Work request: Retype the entries exactly; omit all pictures.

■ ■ ■

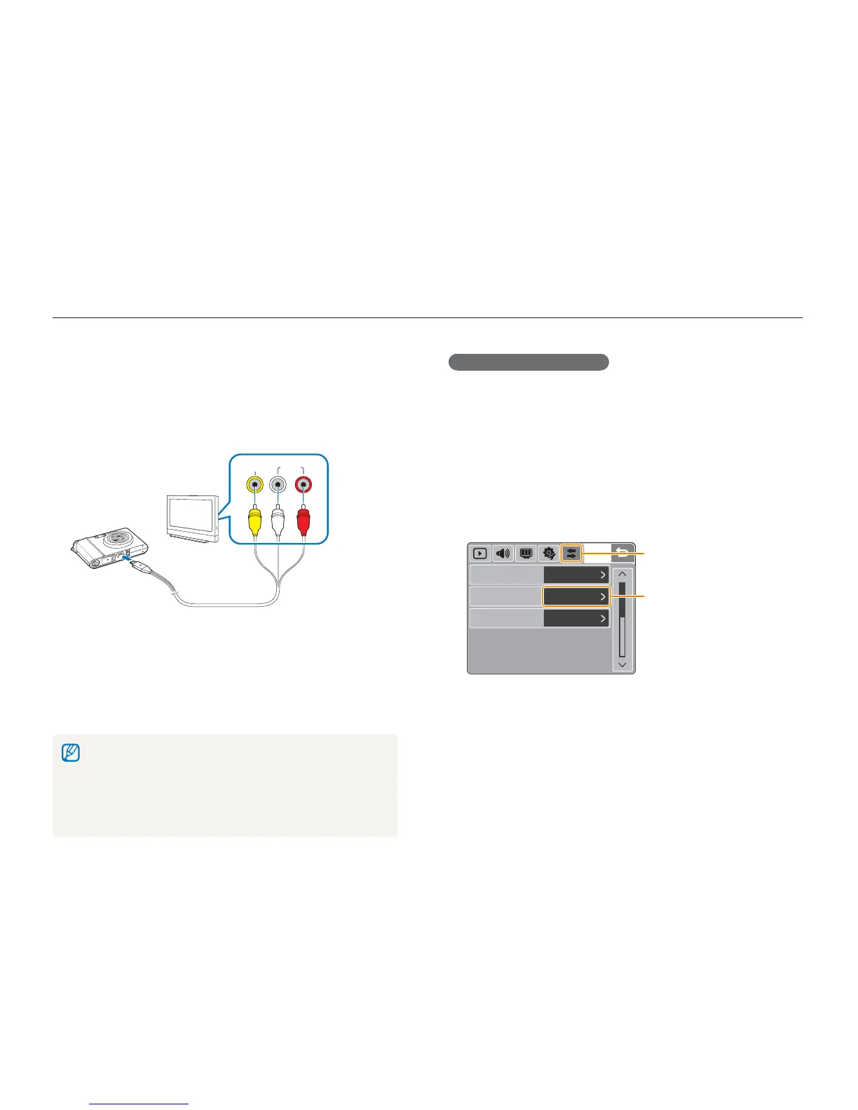 Reproduzca fotografías o vídeos mediante la conexión de la cámara a una TV con el cable A/V suministrado.
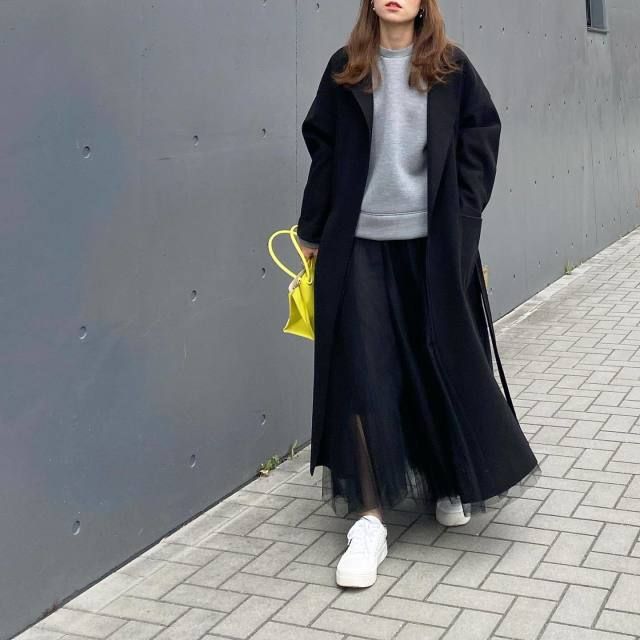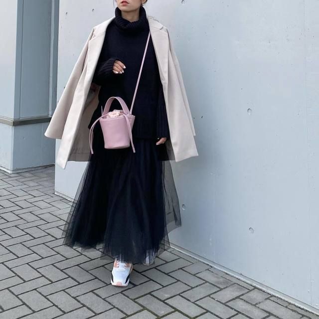 次にご紹介するのは、ロングコート×チュールスカートの組み合わせ。モードでおしゃれなスタイリングが楽しめますよ。ロングコートだから足元まで暖かく、スカートの抜け感のおかげでコーデ全体のバランスアップも叶います。
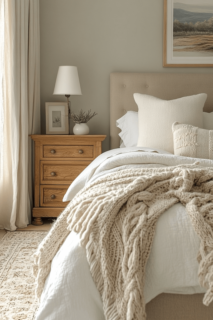 Cream tones in the bedroom create a serene and restful atmosphere that feels warm yet fresh. The apartment aesthetic cozy touch is found in plush bedding, layered throw blankets, and soft ambient lighting for a spa-like feel. Minimal clutter and thoughtful storage solutions enhance the calming mood. Neutral accents like beige cushions and light wood finishes keep the look timeless and harmonious.
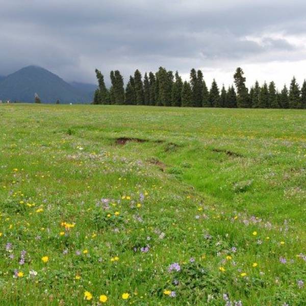 沟底溪水蜿蜒,北面苍松密布,南面绿草丰茂菊花台位于乌鲁木齐市南郊的甘沟乡,这里是一处典型的天山草原牧场。沟底溪水蜿蜒,北面苍松密布,南面绿草丰茂。在平坦宽阔的台面上,每年4月至10月间就会开满野菊花,芳香袭人,故名菊花台。
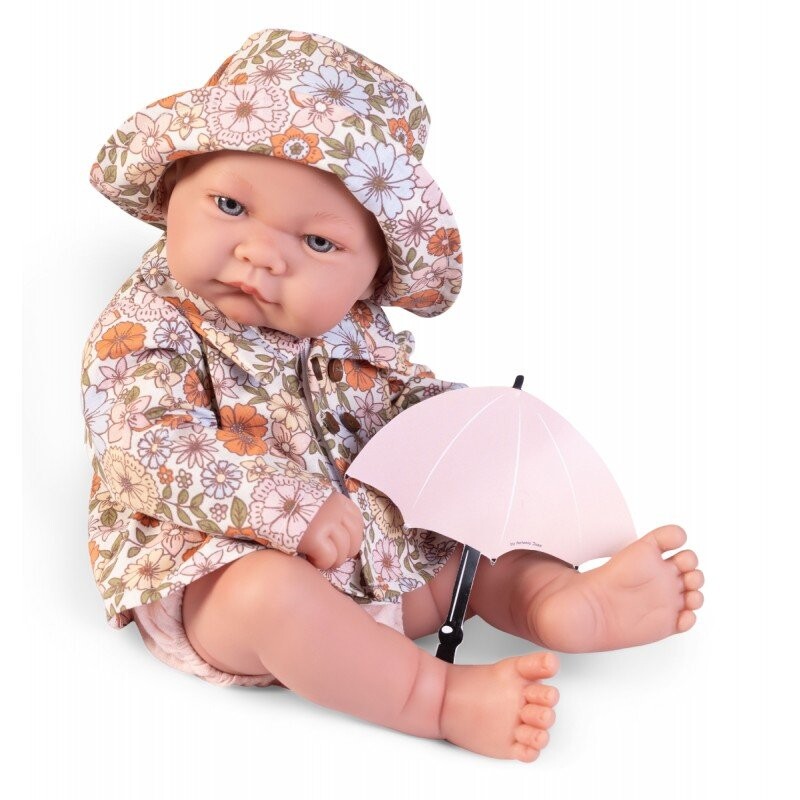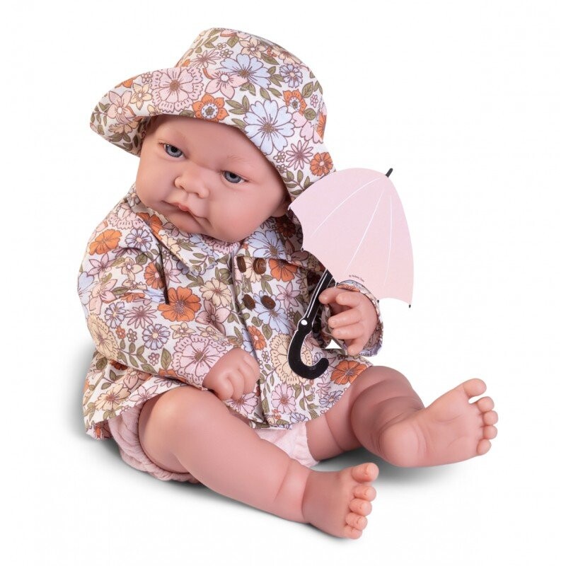 Ника 50405 в красивом, ярком стиле любит играть с зонтиком. Эта новорожденная еще одна дополняющая модель. коллекция виниловых кукол для купания. Предлагаемая модель расширит богатый ассортимент серии Recien Nacida Antonio Juan. У ребенка нет волос, а на голове есть резьба. Дополнительно поверхность головы затемнена. чтобы он был похож на новорожденного. Кукла ростом 42 см, весом около килограмма и очень рада играть с кем угодно. У него нарисованные вручную голубые глаза, похожие на детские.
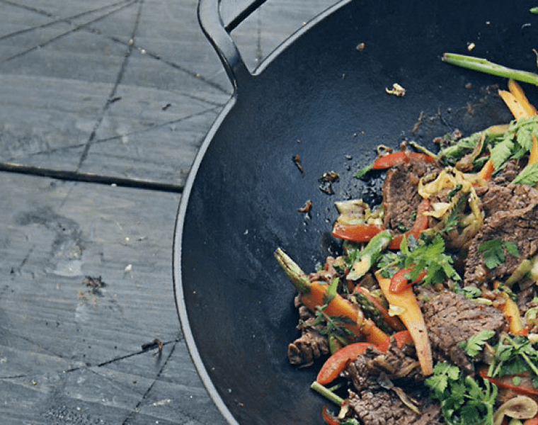 Кладём в вок овощи, немного их пассеруем, затем добавляем к ним обжаренное мясо, все перемешиваем и посыпаем зеленью. Приправляем блюдо соевым соусом и посыпаем солевыми хлопьями. Подаем блюдо к столу. Совет от шеф-поваров Weber: Используйте любые сезонные овощи на своё усмотрение.
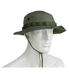 The Olive Drab Green boonie hat is made from a durable cotton ripstop material that protects you from the sun. The 2.5″ brim blocks sunlight from your eyes and the all cotton material keeps you cool on hot days. There are branch loops made of a tough nylon webbing along the crown for durability. Bellowed drain holes on the crown provide ventilation and a breathable interior. The leather keeper on the adjustable chin cord holds the hat in place when you are in motion or when you sweat. It also lets the hat be taken off and carried around the neck.
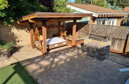 This tastefully and uniquely decorated historical architectural gem in charming Alameda island can host up to 14 people. This spacious 2700+ sqft single family house has 6 bedrooms and 4 bathrooms with a spa, private theater with surround sound, IG fireplace, green reading room, antique swing daybed, kids playroom, foosball, golf putting, deck, backyard, grill and office!
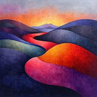 Peru Kunst | Waves of Whispered Secrets - Dit abstracte landschap schilderij verbeeldt een kleurrijk golvend landschap dat mogelijk de iconische heuvelachtige gebieden van Peru reflecteert, waarbij elke lijn en kleur een eigen verhaal lijkt te vertellen.
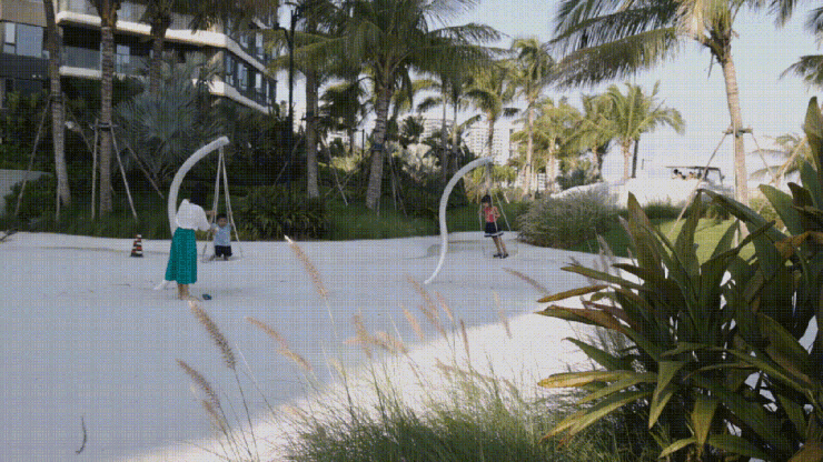 孩子们沿着蜿蜒的水溪戏水前进,狼尾草丛随风摇动,轻盈诉说海风的故事,亲子关系在这里张弛舒展又亲密连接。

■ ■ ■

Output below:
 Reproduzca fotografías o vídeos mediante la conexión de la cámara a una TV con el cable A/V suministrado.
 次にご紹介するのは、ロングコート×チュールスカートの組み合わせ。モードでおしゃれなスタイリングが楽しめますよ。ロングコートだから足元まで暖かく、スカートの抜け感のおかげでコーデ全体のバランスアップも叶います。
 Cream tones in the bedroom create a serene and restful atmosphere that feels warm yet fresh. The apartment aesthetic cozy touch is found in plush bedding, layered throw blankets, and soft ambient lighting for a spa-like feel. Minimal clutter and thoughtful storage solutions enhance the calming mood. Neutral accents like beige cushions and light wood finishes keep the look timeless and harmonious.
 沟底溪水蜿蜒,北面苍松密布,南面绿草丰茂菊花台位于乌鲁木齐市南郊的甘沟乡,这里是一处典型的天山草原牧场。沟底溪水蜿蜒,北面苍松密布,南面绿草丰茂。在平坦宽阔的台面上,每年4月至10月间就会开满野菊花,芳香袭人,故名菊花台。
 Ника 50405 в красивом, ярком стиле любит играть с зонтиком. Эта новорожденная еще одна дополняющая модель. коллекция виниловых кукол для купания. Предлагаемая модель расширит богатый ассортимент серии Recien Nacida Antonio Juan. У ребенка нет волос, а на голове есть резьба. Дополнительно поверхность головы затемнена. чтобы он был похож на новорожденного. Кукла ростом 42 см, весом около килограмма и очень рада играть с кем угодно. У него нарисованные вручную голубые глаза, похожие на детские.
 Кладём в вок овощи, немного их пассеруем, затем добавляем к ним обжаренное мясо, все перемешиваем и посыпаем зеленью. Приправляем блюдо соевым соусом и посыпаем солевыми хлопьями. Подаем блюдо к столу. Совет от шеф-поваров Weber: Используйте любые сезонные овощи на своё усмотрение.
 The Olive Drab Green boonie hat is made from a durable cotton ripstop material that protects you from the sun. The 2.5″ brim blocks sunlight from your eyes and the all cotton material keeps you cool on hot days. There are branch loops made of a tough nylon webbing along the crown for durability. Bellowed drain holes on the crown provide ventilation and a breathable interior. The leather keeper on the adjustable chin cord holds the hat in place when you are in motion or when you sweat. It also lets the hat be taken off and carried around the neck.
 This tastefully and uniquely decorated historical architectural gem in charming Alameda island can host up to 14 people. This spacious 2700+ sqft single family house has 6 bedrooms and 4 bathrooms with a spa, private theater with surround sound, IG fireplace, green reading room, antique swing daybed, kids playroom, foosball, golf putting, deck, backyard, grill and office!
 Peru Kunst | Waves of Whispered Secrets - Dit abstracte landschap schilderij verbeeldt een kleurrijk golvend landschap dat mogelijk de iconische heuvelachtige gebieden van Peru reflecteert, waarbij elke lijn en kleur een eigen verhaal lijkt te vertellen.
 孩子们沿着蜿蜒的水溪戏水前进,狼尾草丛随风摇动,轻盈诉说海风的故事,亲子关系在这里张弛舒展又亲密连接。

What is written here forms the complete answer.